Games such as Camelot Smashalot, Gumby Flower Arranging and King Arthur’s Knight Fight, among many others, take place within the madcap Monty Python virtual world – and will be available to play for free when the game launches in Q1 next year.’
First off this isn’t an attack on Zattikka. We think they’ve done extraordinarily well to harness the powers of two of British comedy’s true greats, especially in a social gaming context. Untold riches await them if they get it spot on. A visit to Zattikka’s front page on Sunday morning though, and the first thing I saw was the following tweet: Not too happy with C4 cutting my interview on Monty Python game launch – ‘ too commercial – too much of a Zattikka advert’.
Oh the negativity. I need to underline something, I currently work in search marketing and all day I have to hear about how the social gaming scene is on the verge of explosion. How, if companies can harness the lingo consistently enough, they can reach an audience of potentially billions on Facebook et al.
Zzz. As far as I can see Zattikka’s Python coup has already got them halfway there – and isn’t the point of it to be a Zattikka advert anyway? To put their name in the shop window and grab a massive slice of the social gaming pie before this ‘explosion’? It can’t all be about Python, it has to be about Zattikka and their abilities as developers first and foremost if they’re to survive as a business.
I think what fills me with fear the most is that Python-esque humour is going to be unleashed on a whole new audience of 11-14-year-olds who won’t understand it, adopt it and who simply won’t let the ‘funny’ die. Sometimes when I’m out in town I see drunk students falling over themselves laughing and quoting Python. They’re getting younger and younger by the pint.
I now associate Python with crap students who weren’t around when it was popular and still regard it as revolutionary. British comedy has moved on since Python and is more daring than ever (unless you count the likes of BBC’s Miranda), and to see it described as ‘ridiculous’ and ‘madcap’ in the same press release brings me close to tears.
Above: What Google Images throws up when you search for ‘drunk Monty Python’

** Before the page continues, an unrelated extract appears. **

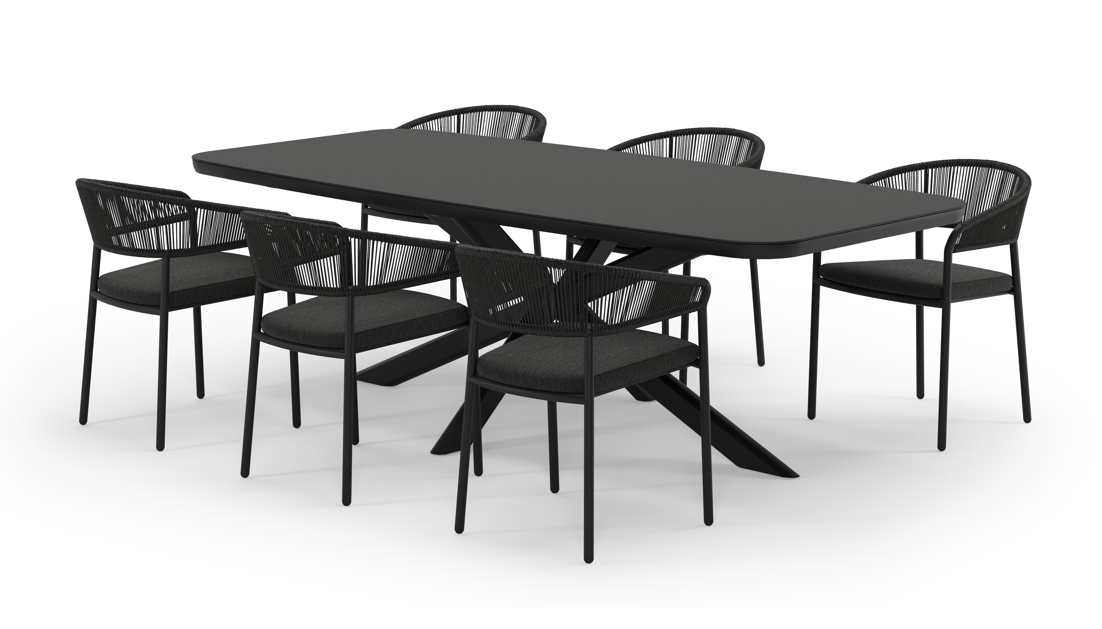 L'ensemble de jardin Pamplona offre un aspect contemporain et robuste grâce à sa forme arrondie et à ses pieds croisés remarquables. Cet ensemble de jardin est idéal pour une grande réception.
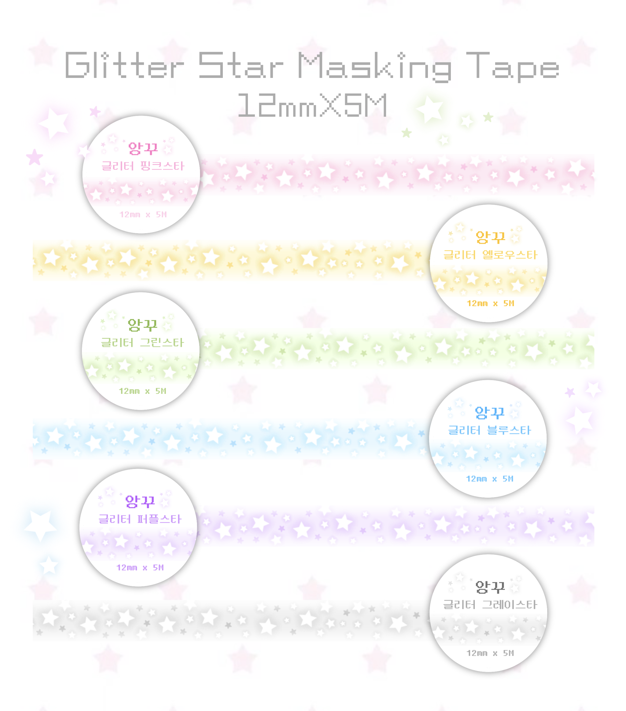 앙꾸 | 글리터 스타 마스킹테이프 (6종)

No matter what platform it’s hosted on, whether social or console, things like this just simply don’t work. I present to you the Little Britain game and hold it to task. It’s the same philosophy as why games don’t translate to the big screen. Comedy and gaming are chalk and cheese, polar opposites. The only way comedy can work in gaming is if it’s original and well thought out. Rockstar’s character-based comedy in Grand Theft Auto IV and some of Red Dead’s side missions should be the beacon, the example for everyone else to follow.
“Monty Python is one of the most iconic comedy licenses around, but there has been no new material for over 20 years,” says Zattikka CEO Tim Chaney. “The Ministry of Silly Games will be transporting Monty Python into the 21st Century, with a totally new experience for their unique comedy that will delight old and new fans alike.”
That quote in the PR sums up my point. There has been no new material for over 20 years. Pleeeease Alias Gilliam and Jones, for the sake of the industry as a whole, do something original, developers! Inspire your target market and give them a new generation of catchphrases they can shout at each other when they have their first sip of Guinness at 16.
So, in closing, good luck Zattikka. But if I hit 40 and have to put up with a new breed of schmoozy twats shouting ‘HE’S NOT THE SAVIOUR, HE’S A VERY NAUGHTY BOY’ in my local then I’ll be the only one there who isn’t smiling. And I’ll let you know about it in no uncertain terms.